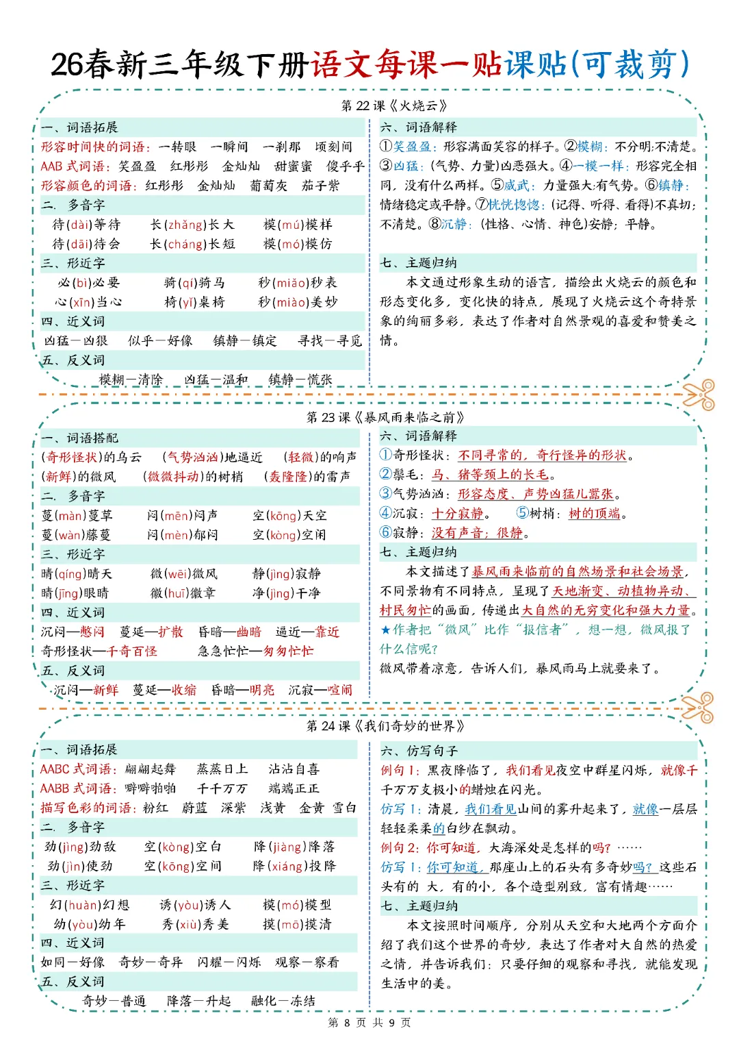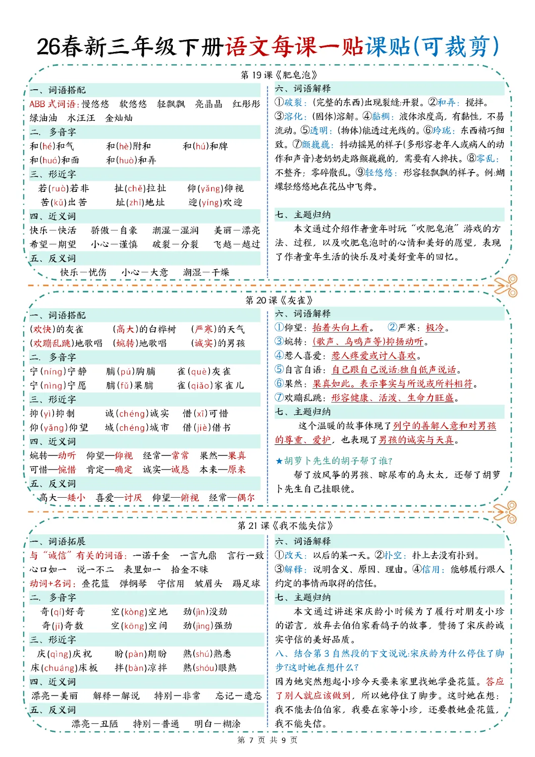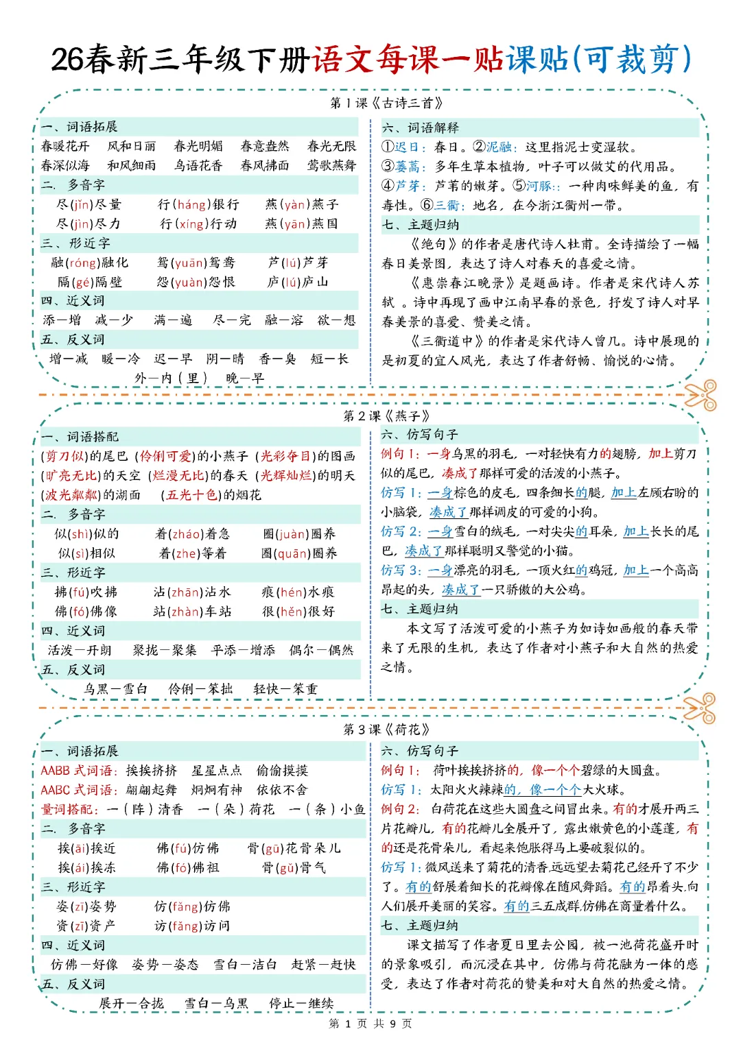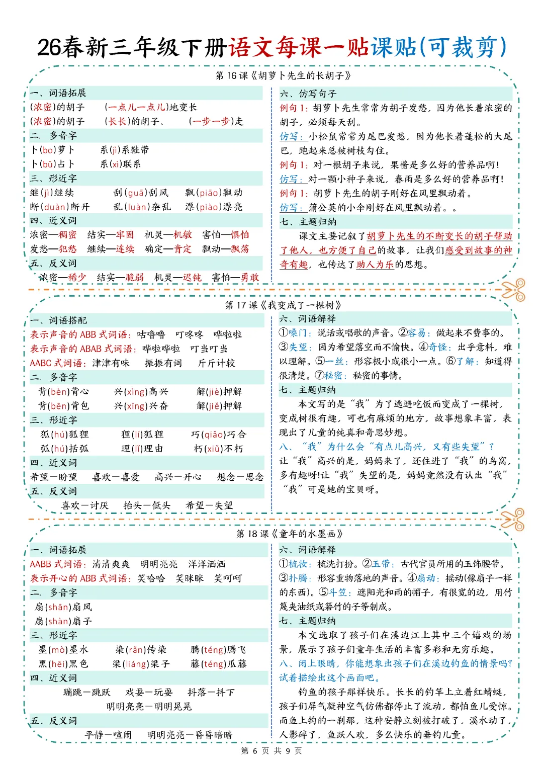2026春人教统编版三年级下册语文《每课一贴》,含详细答案共9页(篇幅原因,仅仅展示部分内容),电子版可打印可下载。围绕三年级下册下册考试核心,展开练习,帮助孩子深入理解题型,夯实学科基础,培养孩子逻辑思维,提升知识综合运用能力与应试技巧,助力升学能力培养,从从容容游刃有余的度过春季学期。欢迎转发分享到班级群, 需要的家长们和老师们抓紧领取一份吧。
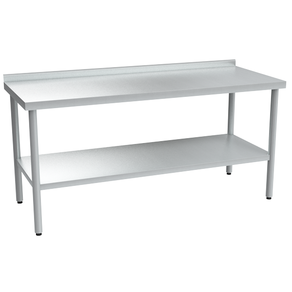 - Оснащён пристенным бортом высотой 50 мм, сплошной полкой и регулируемыми по высоте опорами на ножках, которые компенсируют неровности пола.
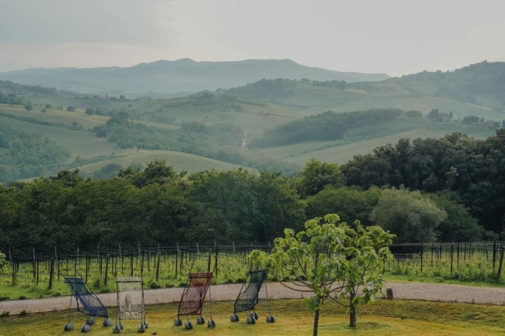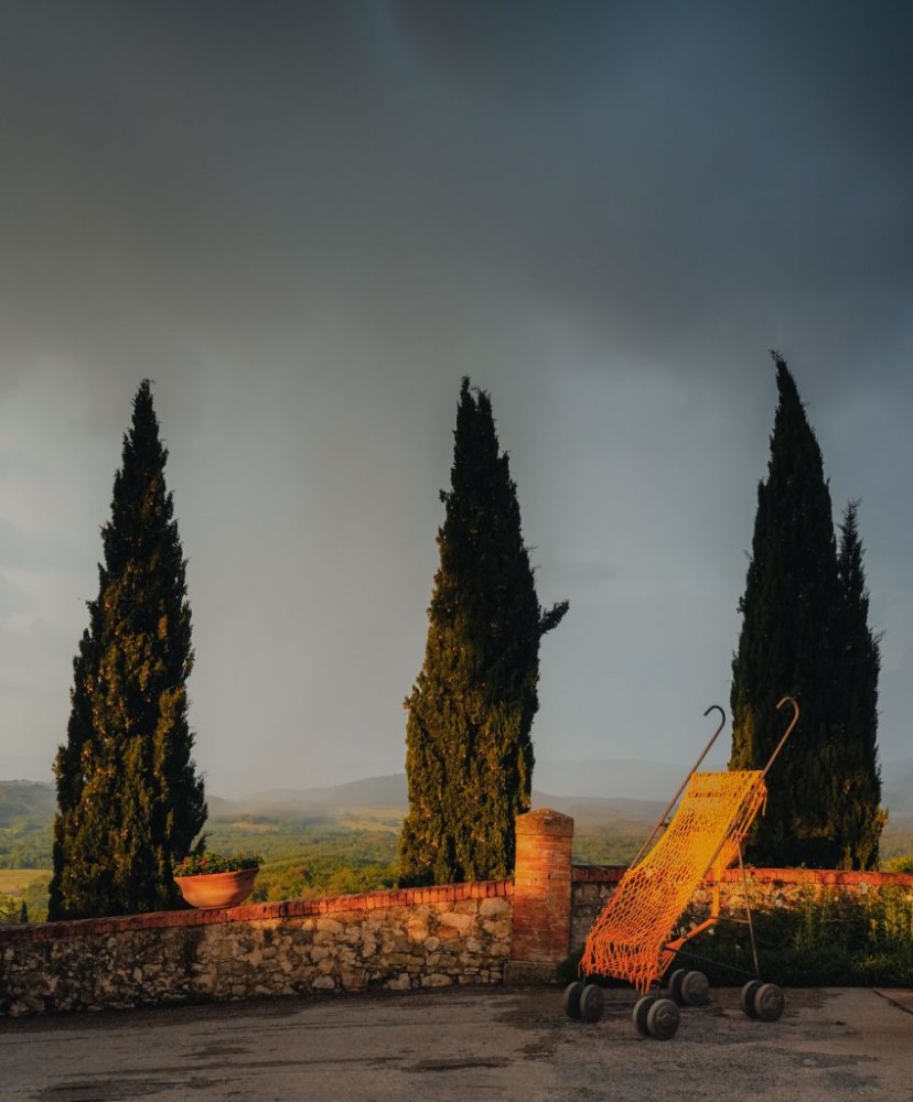 The installations fit so easily that one may think that Castello di Casole has provided the strollers for the convenience of its guests to enjoy the view, instead of being art. But Ward, known for recontextualising found objects, has “long released the fear of being seen as functional” and instead is more interested in providing visitors with “the experience of being in the work”.
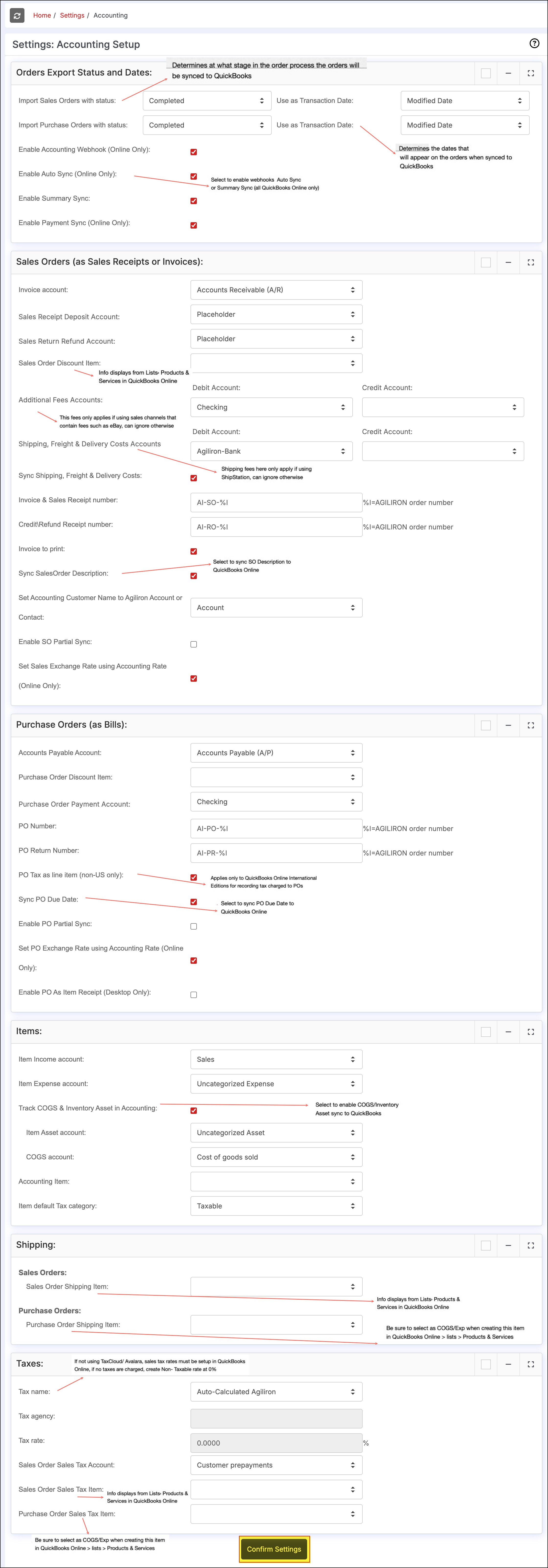 Click the "Confirm Settings" button to save any changes made. This now completes the setup for QuickBooks.
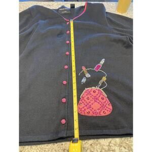 Michael Simon Womens Size 2XL Black Pink Cardigan Sweater Lipstick & Purse
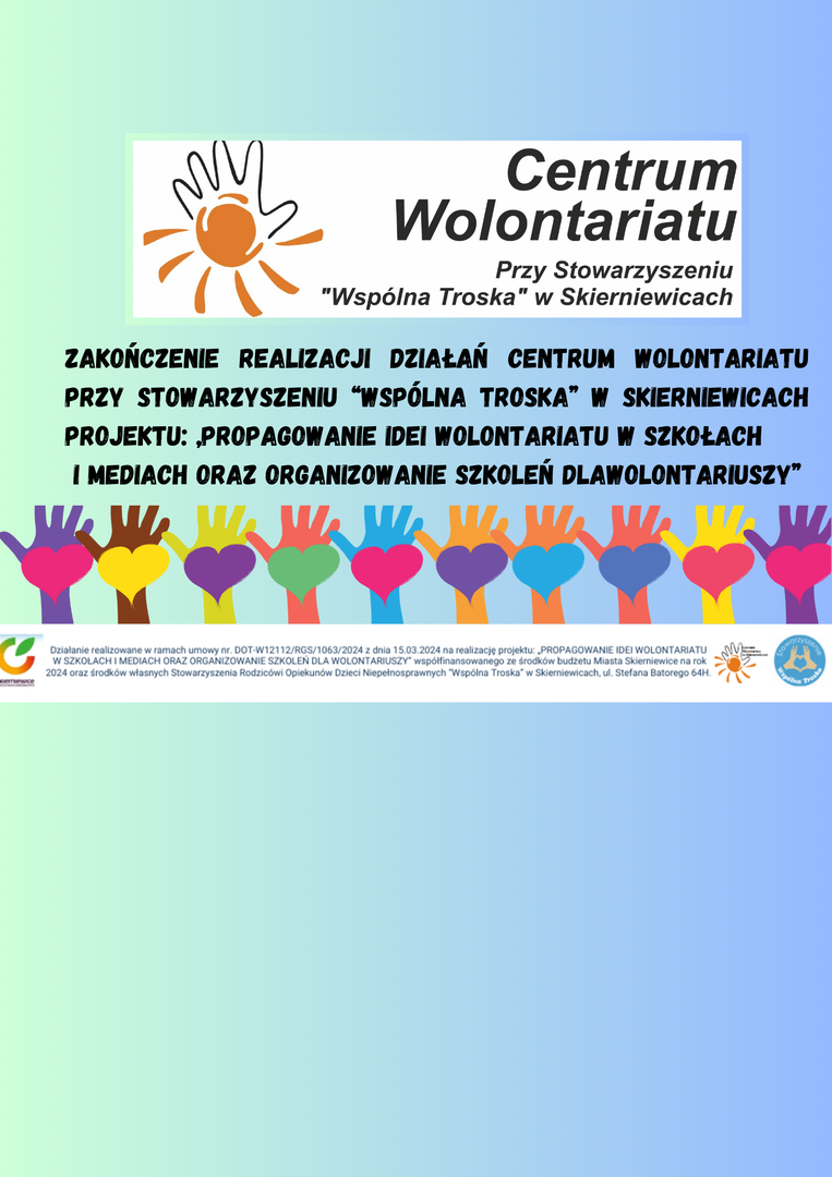W dniu 30.06.2024 r. kończymy realizację działań Centrum Wolontariatu przy Stowarzyszeniu „Wspólna Troska” w Skierniewicach zaplanowanych w okresie 01.04.2024 r. – 30.06.2024 r. w ramach umowy nr. DOT-W/12112/RGS/1063/2024 z dnia 15.03.2024 na realizację projektu: „Propagowanie idei wolontariatu w szkołach i mediach oraz organizowanie szkoleń dla wolontariuszy”.
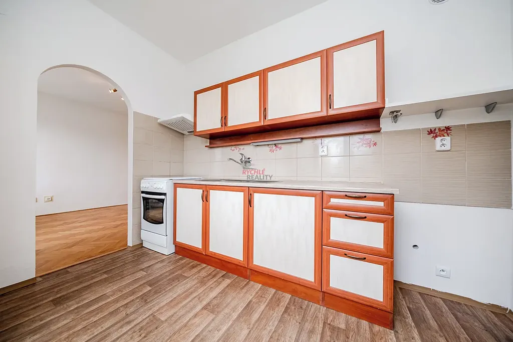 Na chodbě a v kuchyni je na podlaze PVC, v pokojích původní parkety a v koupelně a wc dlažba.
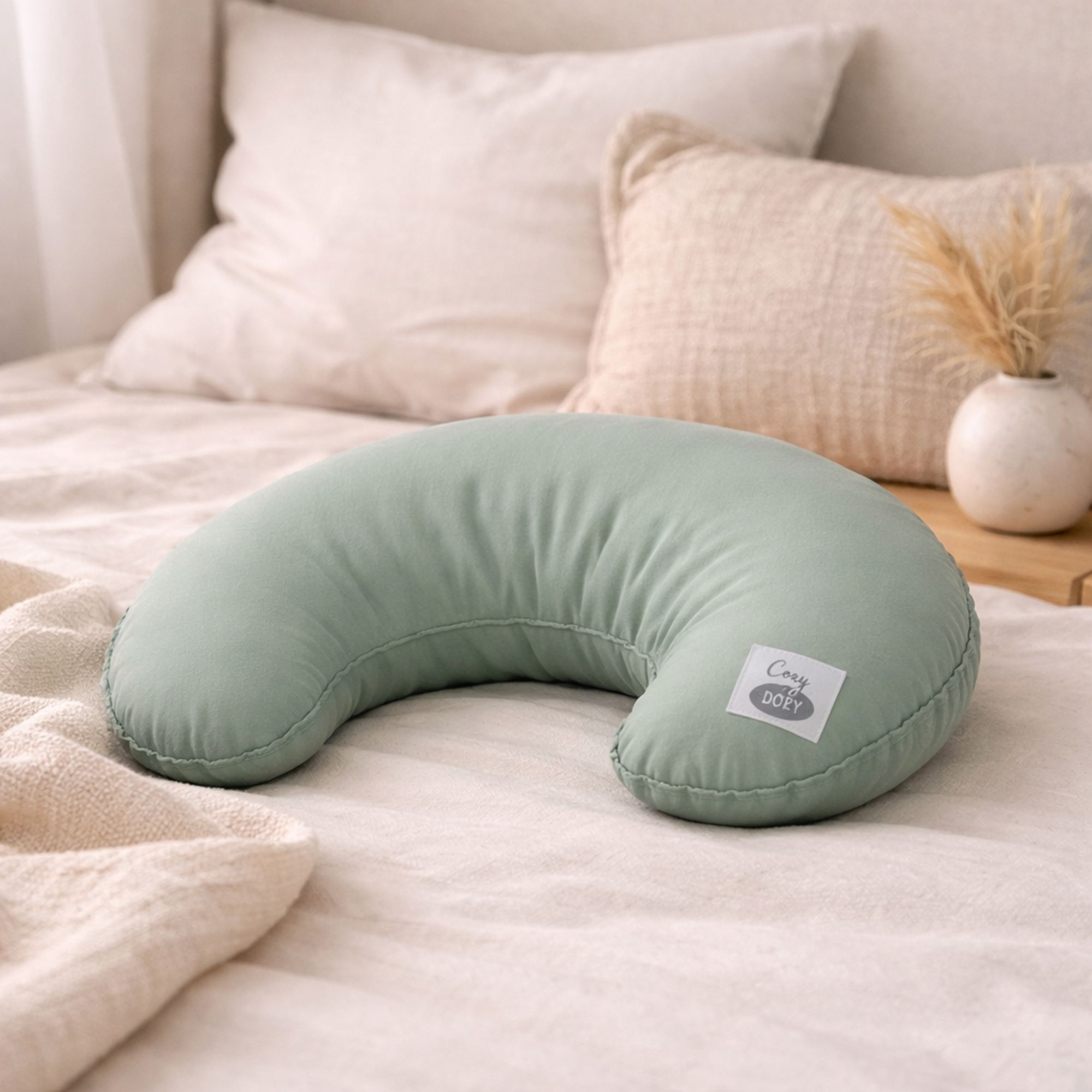 Ammeputen fra Cozy by DOZY er utviklet for nybakte foreldre som ønsker en kombinasjon av komfort, støtte og kvalitet under amming. Med sitt myke, ensfargede støvete grønne trekk i 100 % økologisk bomull får du en ammepute som både er skånsom mot babyens sarte hud og behagelig for mor å bruke over lengre tid. Bomullskvaliteten er pustende, naturlig og fri for skadelige stoffer, noe som skaper de beste forutsetninger for en trygg og komfortabel amming.
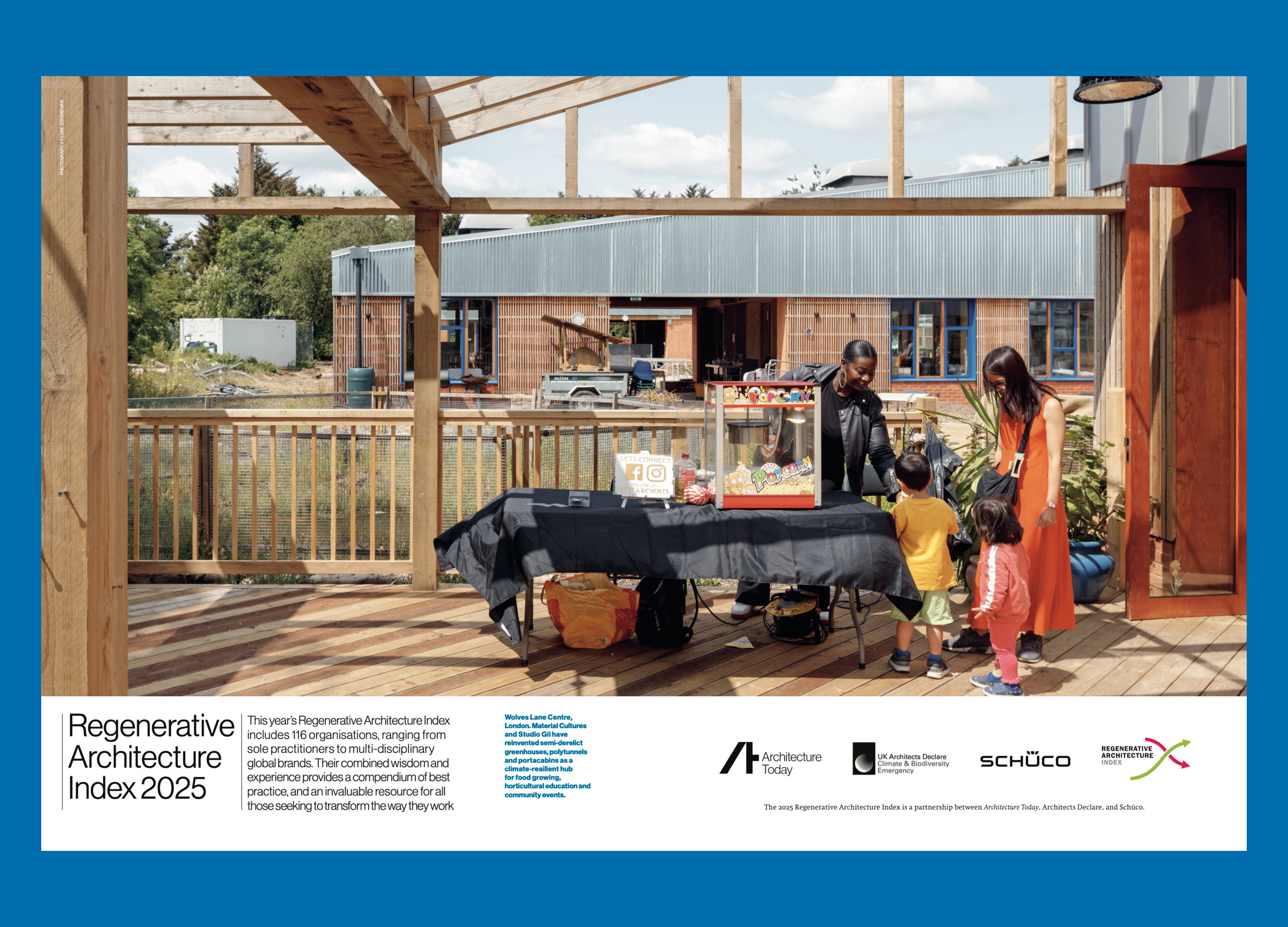 This issue is dedicated to the Regenerative Architecture Index 2025. Launched a year ago by Architecture Today and Architects Declare UK, the RAI has taken on a life of its own. While there were 64 practices in the inaugural RAI, there are 116 organisations on this year’s list: architectural practices of every size, plus a smattering of landscape architects and engineers.
══════════
» What you should do
Retype the data above exactly, dropping every picture.

» Result below
2026春人教统编版三年级下册语文《每课一贴》,含详细答案共9页(篇幅原因,仅仅展示部分内容),电子版可打印可下载。围绕三年级下册下册考试核心,展开练习,帮助孩子深入理解题型,夯实学科基础,培养孩子逻辑思维,提升知识综合运用能力与应试技巧,助力升学能力培养,从从容容游刃有余的度过春季学期。欢迎转发分享到班级群, 需要的家长们和老师们抓紧领取一份吧。
 - Оснащён пристенным бортом высотой 50 мм, сплошной полкой и регулируемыми по высоте опорами на ножках, которые компенсируют неровности пола.
 The installations fit so easily that one may think that Castello di Casole has provided the strollers for the convenience of its guests to enjoy the view, instead of being art. But Ward, known for recontextualising found objects, has “long released the fear of being seen as functional” and instead is more interested in providing visitors with “the experience of being in the work”.
 Click the "Confirm Settings" button to save any changes made. This now completes the setup for QuickBooks.
 Michael Simon Womens Size 2XL Black Pink Cardigan Sweater Lipstick & Purse
W dniu 30.06.2024 r. kończymy realizację działań Centrum Wolontariatu przy Stowarzyszeniu „Wspólna Troska” w Skierniewicach zaplanowanych w okresie 01.04.2024 r. – 30.06.2024 r. w ramach umowy nr. DOT-W/12112/RGS/1063/2024 z dnia 15.03.2024 na realizację projektu: „Propagowanie idei wolontariatu w szkołach i mediach oraz organizowanie szkoleń dla wolontariuszy”.
 Na chodbě a v kuchyni je na podlaze PVC, v pokojích původní parkety a v koupelně a wc dlažba.
 Ammeputen fra Cozy by DOZY er utviklet for nybakte foreldre som ønsker en kombinasjon av komfort, støtte og kvalitet under amming. Med sitt myke, ensfargede støvete grønne trekk i 100 % økologisk bomull får du en ammepute som både er skånsom mot babyens sarte hud og behagelig for mor å bruke over lengre tid. Bomullskvaliteten er pustende, naturlig og fri for skadelige stoffer, noe som skaper de beste forutsetninger for en trygg og komfortabel amming.
 This issue is dedicated to the Regenerative Architecture Index 2025. Launched a year ago by Architecture Today and Architects Declare UK, the RAI has taken on a life of its own. While there were 64 practices in the inaugural RAI, there are 116 organisations on this year’s list: architectural practices of every size, plus a smattering of landscape architects and engineers.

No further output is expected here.